Hatch BioScience Labs, a $6 million biotechnology incubator anchoring the planned L.A. Bioscience Corridor in El Sereno, is poised to open next month after 11 months of construction.

Developers Allan Glass and Howard Kozloff converted a 22,000-square-foot furniture factory into ready-to-use wet lab suites with water, gas and other needed hookups for up to eight growing biotechnology firms. A grand opening is expected Dec. 11.

Each of the facility’s eight suites can accommodate a range of scientific research operations, from computer-based science to labs and “clean room” spaces, the developers said.

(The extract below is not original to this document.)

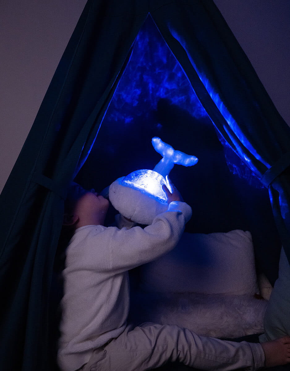 Muzyczne nocne światło Tranquil Whale™ uspokaja niemowlęta i zapewnia poczucie bezpieczeństwa dzieciom bojącym się ciemności. W ciągu dnia jest miękką pluszową maskotką, a nocą zamienia się w lampkę nocną. Ruchoma projekcja w dwóch kolorach tworzy magiczny efekt polarnego światła. Melodie i białe szumy uspokoją maluchy, pomagając im przenieść się do krainy snów.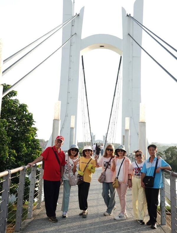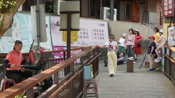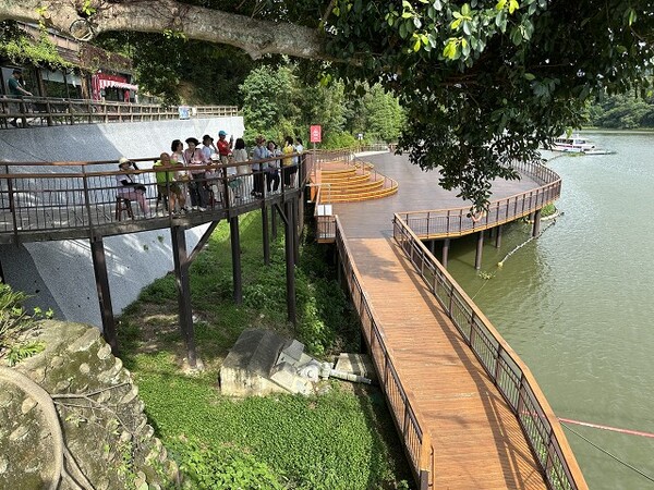 走過「細茅埔吊橋」瀏覽「峨嵋湖」景色、稍事停留

“Los Angeles has a very vibrant and thriving early stage science ecosystem with many researchers working in either academic labs or off campus incubators,” Glass, chief executive of downtown-based ASG Real Estate Inc., said in an email. “Our intent is to create a facility where these companies can ‘Hatch’ so we may keep these promising researchers and companies in the L.A. area.”

Glass teamed up with Kozloff, managing partner for Agora Partners in West Los Angeles, to provide space for early stage biotech companies looking for facilities that can suit their specific needs.

To reflect a neighborhood known for its artistic murals, they recruited street artist Alex Poli, better known as Man One, to grace the building with a piece titled “El Sereno Happiness.”

Chemicals that promote the feeling of happiness – the molecules serotonin, dopamine, oxytocin and endorphin – now float across the new laboratory facade. 

But the centerpiece of the Hatch mural is homegrown hero Willie Zuniga, president of Grifols Biologicals Inc., which produces plasma-derived medicines in a facility on a hill above the railroad tracks behind Hatch.

Zuniga has hired more than 100 Cal State Los Angeles graduates while training nearly as many high school students at a Grifols’ summer science academy.